← Obsta Labs

Decision Observability Without Transcript Replay

May 2026 · Obsta Labs

The original decision-telemetry argument was right. Token counts still hide the shape of reasoning. Decision boundaries still matter. Branch factor still matters. What changed is where those signals live.

In the long-session model, the only place to inspect the reasoning trail was the session itself. If you wanted to know where the system committed, what it rejected, or how broadly it searched, you had to mine one very large transcript while it was still alive.

That is not a durable observability model.
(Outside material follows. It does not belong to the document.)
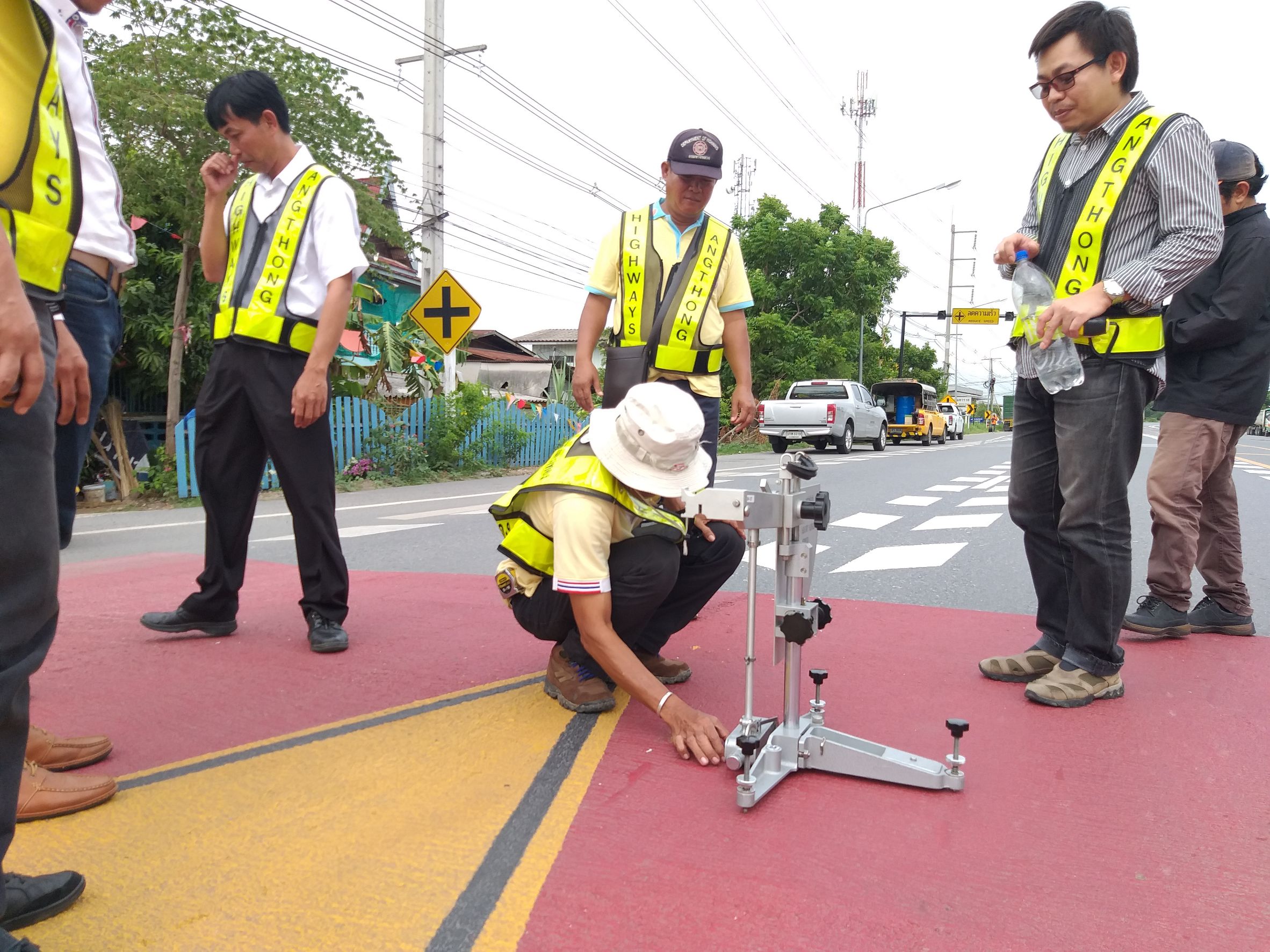 การตรวจรับงานจ้างเหมาทำการตีเครื่องหมายจราจรบนผิวทาง

It makes the decision trail disappear at the same moment the session gets too expensive, too stale, or too compacted to trust.

The problem was never just missing metrics.The problem was storing the decision trail in the least stable place in the system.

The metrics were right

Thinking Telemetry named the useful signals: decision boundaries, branch factor, exploration cost, and the difference between convergence and thrashing. None of that becomes less true just because the system stops leaning on one giant session.

What changes in the v2 model is the artifact shape. The decisions no longer live only as traces inside a transcript. They live as work-order scope, mission briefings, rejected paths, checkpoints, provenance edges, and recovery capsules that can survive a handoff.

The observability moved from the transcript to the structure around the transcript.

Decision boundaries become explicit

A decision boundary is no longer inferred only from a change in token entropy or tool choice. In the architectural model, a decision boundary is often visible because someone froze a mission briefing, wrote the objective and constraints into the work order, or cut a checkpoint before a branch.

The old telemetry model asked: when did the session stop exploring and start executing? The structural model asks: what artifact captured that commitment, and what had to survive the handoff?

That is a better question. It does not depend on the original session remaining alive. It does not require replaying the whole chat to detect the commit. The decision becomes visible because the system had to serialize it to move work forward at all.

Mission briefing: objective, constraints, rejected paths, evidence, reporting contract.A decision boundary the next session can actually inherit.

Branch factor becomes a graph problem

Branch factor used to be a hidden property of a transcript. The model may have explored seven architectures, but the operator only saw the surviving one unless they dug through everything.

Once you have checkpoints, portable bundles, provenance, and non-destructive branch returns, the search shape stops being folklore. The operator can inspect what left, what came back, what was rejected, and which branch produced the final answer.

That is still decision observability. It is just no longer trapped inside a temporary session. The graph becomes the record of exploration width.

work order
  → checkpoint
  → branch
  → bounded reply
  → provenance edge
  → reviewed apply

The old branch-factor intuition stays useful here. Some work still branches too narrowly. Some still thrashes. But now the evidence can be attached to the work graph instead of disappearing into a transcript nobody wants to reread.

Recovery capsules are observability artifacts

The live session used to be responsible for both execution and memory. That made every recovery event feel like an amnesia event. Once recovery capsules and mission briefings exist, a fresh branch can resume with a bounded explanation of what still matters.

That changes what a recovery event means. It is no longer proof that the system forgot. It can be proof that the system remembered the right things in the right shape.

This is also why the compiler framing matured into a broader context-operating-system frame. Projection is still necessary, but projection alone cannot carry the full decision trail across sessions, machines, or authority modes. For that you need substrate, transfer, projection, and retrieval working together. The broader bridge is in From Context Compiler to Context Operating System.

What becomes measurable now

The observability surface gets better, not worse, when the transcript stops being sacred. You can ask different questions:

Which checkpoint locked the decision? Which branch returned the winning answer? Which rejected paths survived into the mission briefing? Which work order carried the final reporting contract?

Those are not token counters. They are decision artifacts. They tell you what the system believed, what it tried, and what the next session was allowed to inherit.

Why this is the better durability model

Telemetry on one live session is still useful. It catches loops, drift, and runaway cost while they are happening. But it is no longer the only place where the reasoning record exists. That is the meaningful change.

The session can die. The branch can end. The operator can spin up a fresh agent. The work graph still carries the decisions that mattered, the paths that were ruled out, and the evidence needed to continue without pretending the whole past must be replayed.